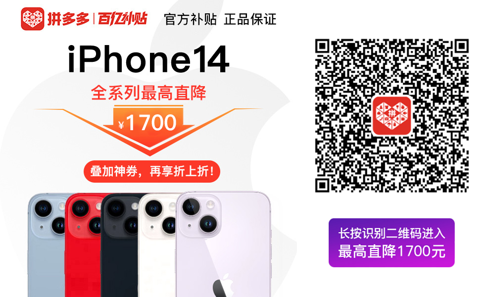 前阵子发布的iPhone14系列还热乎着,拼多多百亿补贴就已经覆盖上了,iPhone14全系列最高直降1700元!叠券再享折上折!
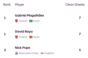 英超前十轮零封榜:拉亚、加布7次霸榜,萨利巴、廷伯、波普5次
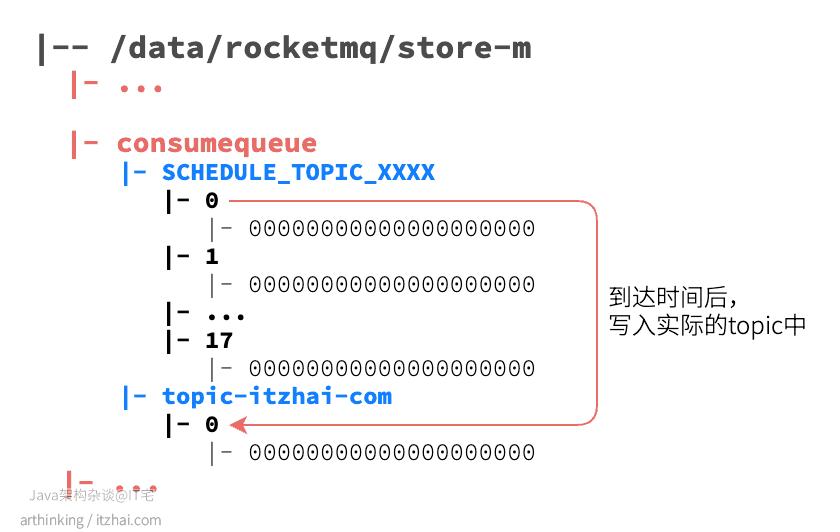 定时消费是指消息发送到Broker之后不会立即被消费,而是等待特定的时间之后才投递到Topic中。定时消息会暂存在名为SCHEDULE_TOPIC_XXXX的topic中,并根据delayTimeLevel存入特定的queue,queueId=delayTimeLevel-1,一个queue只存相同延迟的消息,保证具有相同延迟的消息能够顺序消费。比如,我们设置1秒后把消息投递到topic-itzhai-comtopic,则存储的文件目录如下所示:
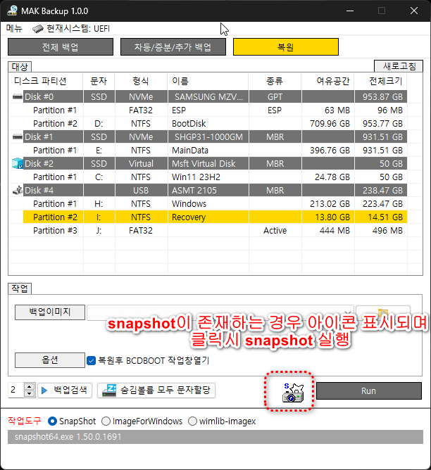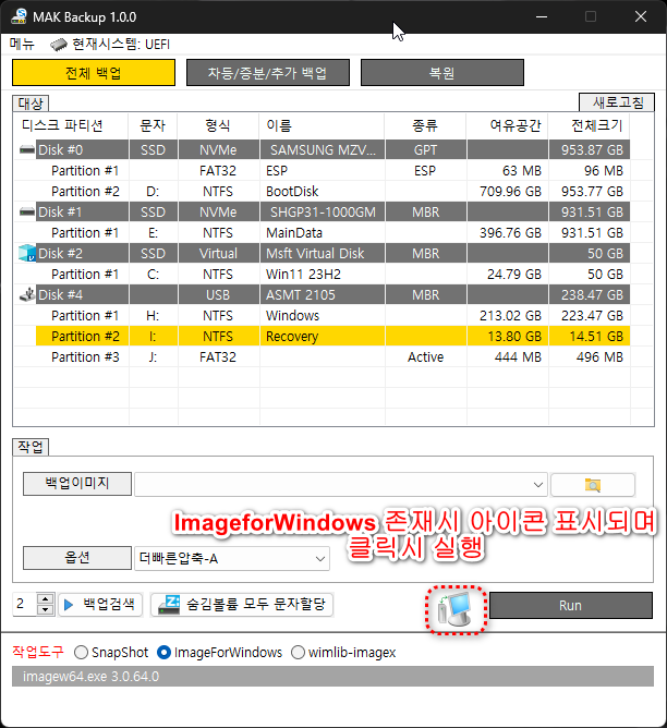 SNAPSHOT과 IMAGEFORWINDOWS 는 상용툴이기때문에 개인이 아래와 같이 Tools 폴더에 넣어야 하며
━━━━━━━━━━
**What to do**
Find the line with "英超前十轮零封榜:拉亚、加布7次霸榜,萨利巴、廷伯、波普5次" in the listing above, then write it out along with every later line through the last one, exactly, omitting pictures.

**Response**
 英超前十轮零封榜:拉亚、加布7次霸榜,萨利巴、廷伯、波普5次
 定时消费是指消息发送到Broker之后不会立即被消费,而是等待特定的时间之后才投递到Topic中。定时消息会暂存在名为SCHEDULE_TOPIC_XXXX的topic中,并根据delayTimeLevel存入特定的queue,queueId=delayTimeLevel-1,一个queue只存相同延迟的消息,保证具有相同延迟的消息能够顺序消费。比如,我们设置1秒后把消息投递到topic-itzhai-comtopic,则存储的文件目录如下所示:
 SNAPSHOT과 IMAGEFORWINDOWS 는 상용툴이기때문에 개인이 아래와 같이 Tools 폴더에 넣어야 하며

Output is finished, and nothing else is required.